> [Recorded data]
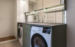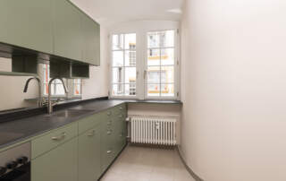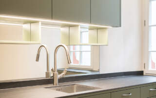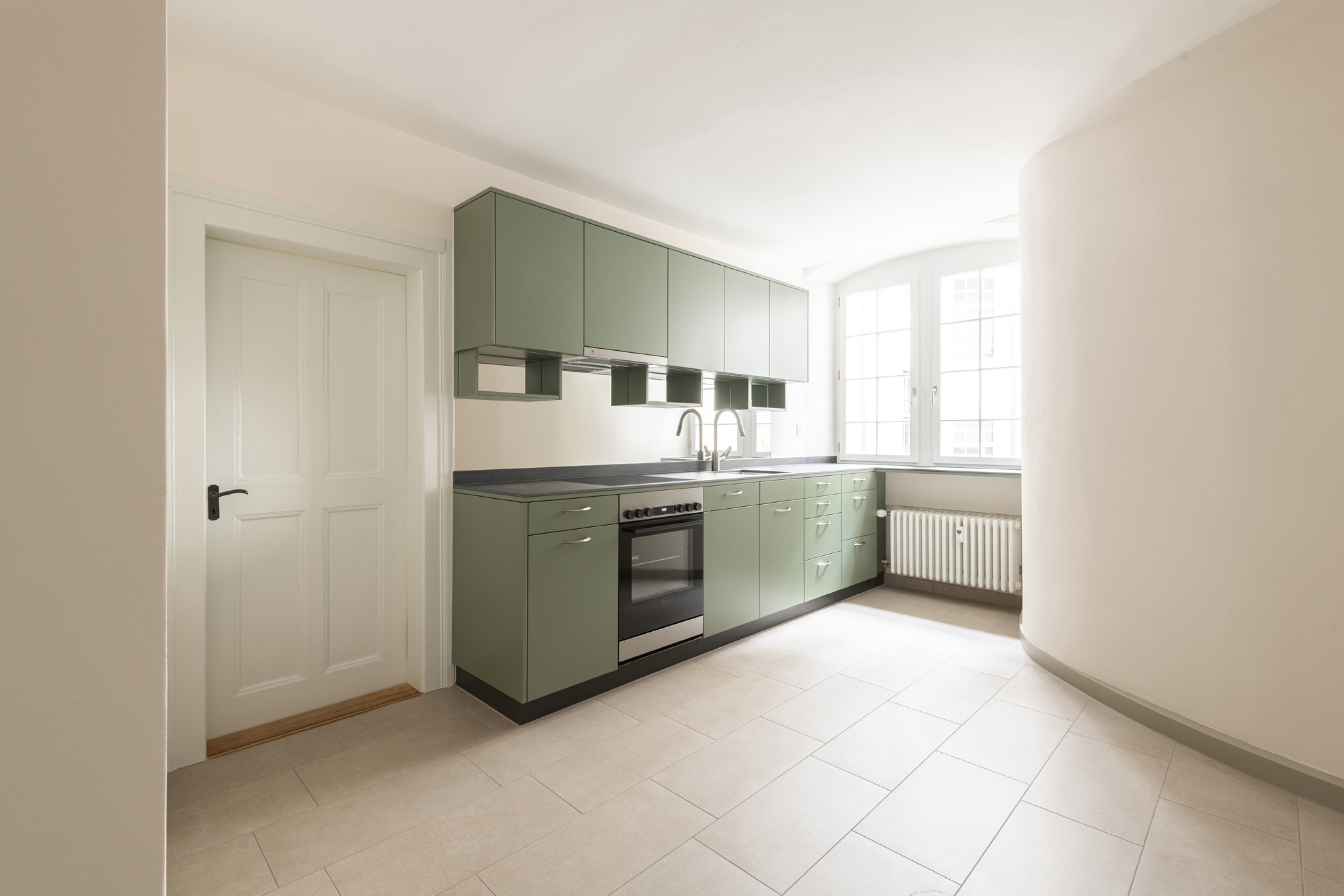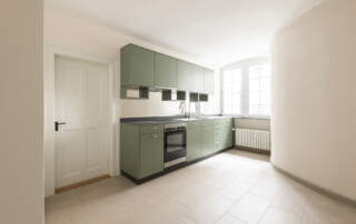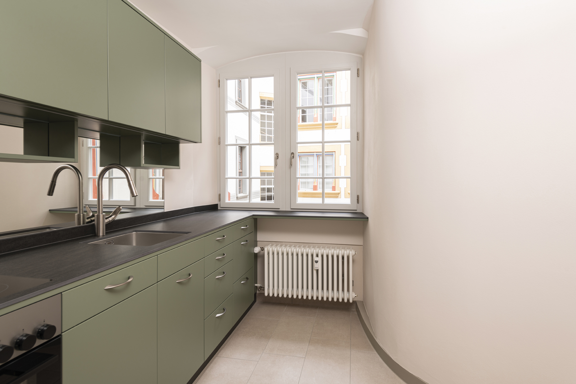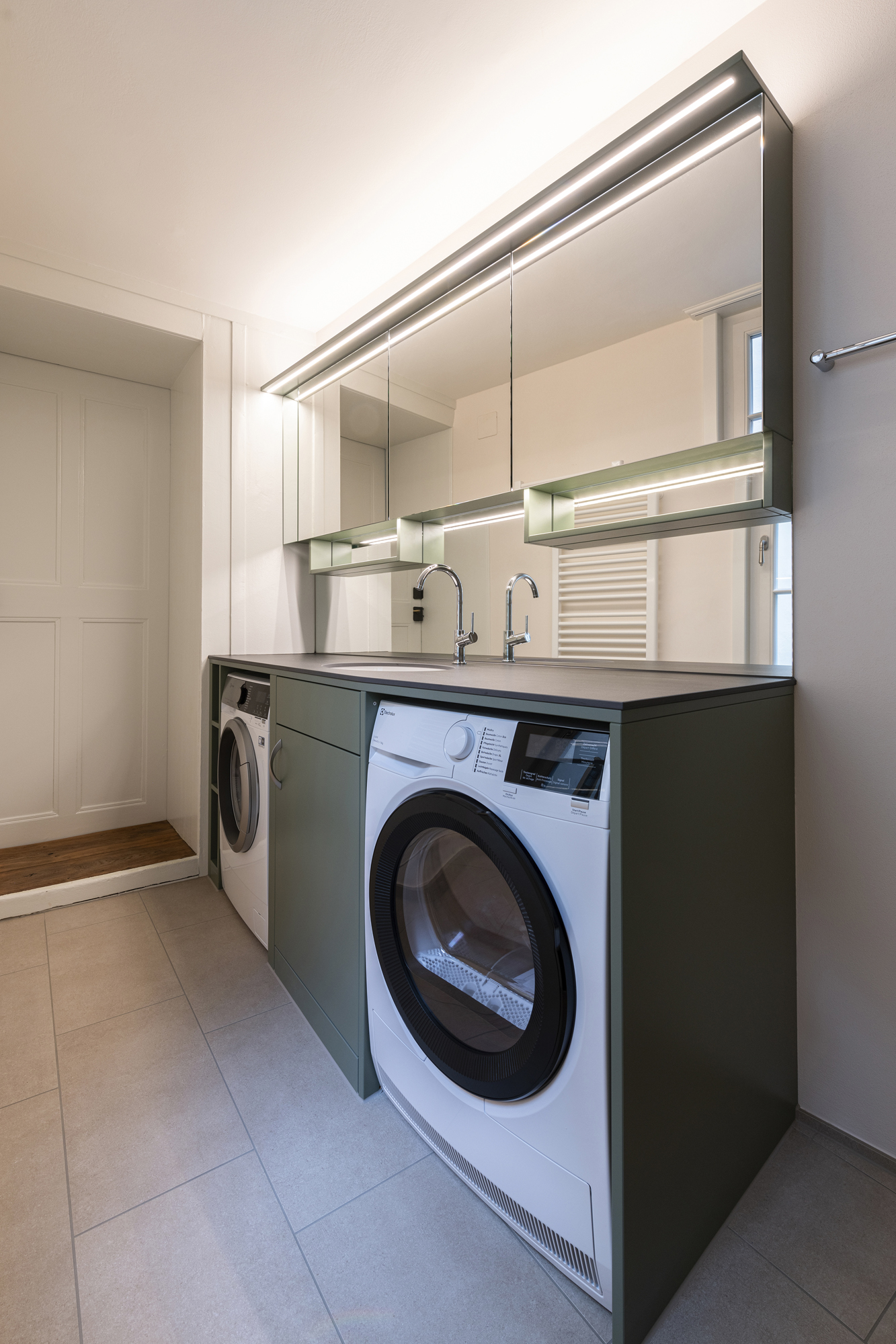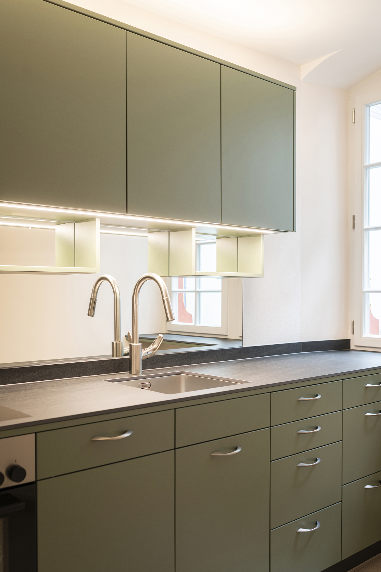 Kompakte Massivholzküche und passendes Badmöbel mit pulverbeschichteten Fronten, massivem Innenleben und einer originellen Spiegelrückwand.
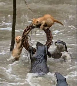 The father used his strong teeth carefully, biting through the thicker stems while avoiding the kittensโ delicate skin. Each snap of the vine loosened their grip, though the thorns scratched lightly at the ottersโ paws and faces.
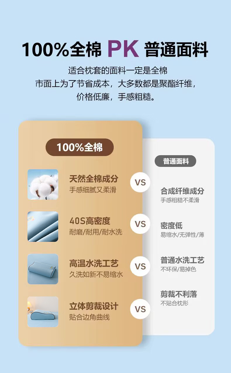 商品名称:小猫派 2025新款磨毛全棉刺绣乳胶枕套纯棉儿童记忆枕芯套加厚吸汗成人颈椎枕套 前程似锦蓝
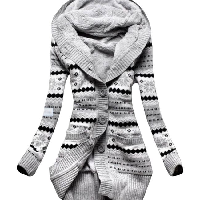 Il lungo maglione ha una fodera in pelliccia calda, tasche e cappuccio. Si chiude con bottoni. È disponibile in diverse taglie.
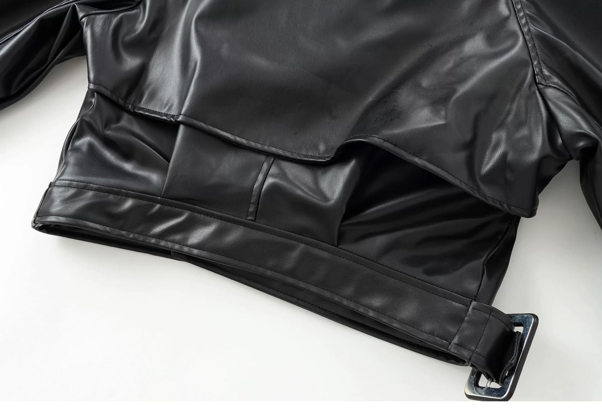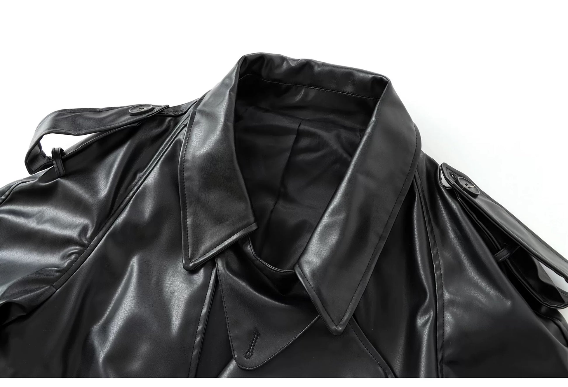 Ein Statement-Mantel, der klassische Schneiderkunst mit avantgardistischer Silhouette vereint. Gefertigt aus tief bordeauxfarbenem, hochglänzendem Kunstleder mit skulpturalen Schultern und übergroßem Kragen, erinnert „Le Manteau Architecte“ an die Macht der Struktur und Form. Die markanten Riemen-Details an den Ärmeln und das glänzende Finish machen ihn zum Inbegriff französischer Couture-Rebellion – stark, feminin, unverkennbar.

> [Directions] The lines to restate word for word run from the line that contains "商品名称:小猫派 2025新款磨毛全棉刺绣乳胶枕套纯棉儿童记忆枕芯套加厚吸汗成人颈椎枕套 前程似锦蓝" through the end of the entries above, both ends included. Leave out all pictures and write nothing else.

> [Answer below]
 商品名称:小猫派 2025新款磨毛全棉刺绣乳胶枕套纯棉儿童记忆枕芯套加厚吸汗成人颈椎枕套 前程似锦蓝
 Il lungo maglione ha una fodera in pelliccia calda, tasche e cappuccio. Si chiude con bottoni. È disponibile in diverse taglie.
 Ein Statement-Mantel, der klassische Schneiderkunst mit avantgardistischer Silhouette vereint. Gefertigt aus tief bordeauxfarbenem, hochglänzendem Kunstleder mit skulpturalen Schultern und übergroßem Kragen, erinnert „Le Manteau Architecte“ an die Macht der Struktur und Form. Die markanten Riemen-Details an den Ärmeln und das glänzende Finish machen ihn zum Inbegriff französischer Couture-Rebellion – stark, feminin, unverkennbar.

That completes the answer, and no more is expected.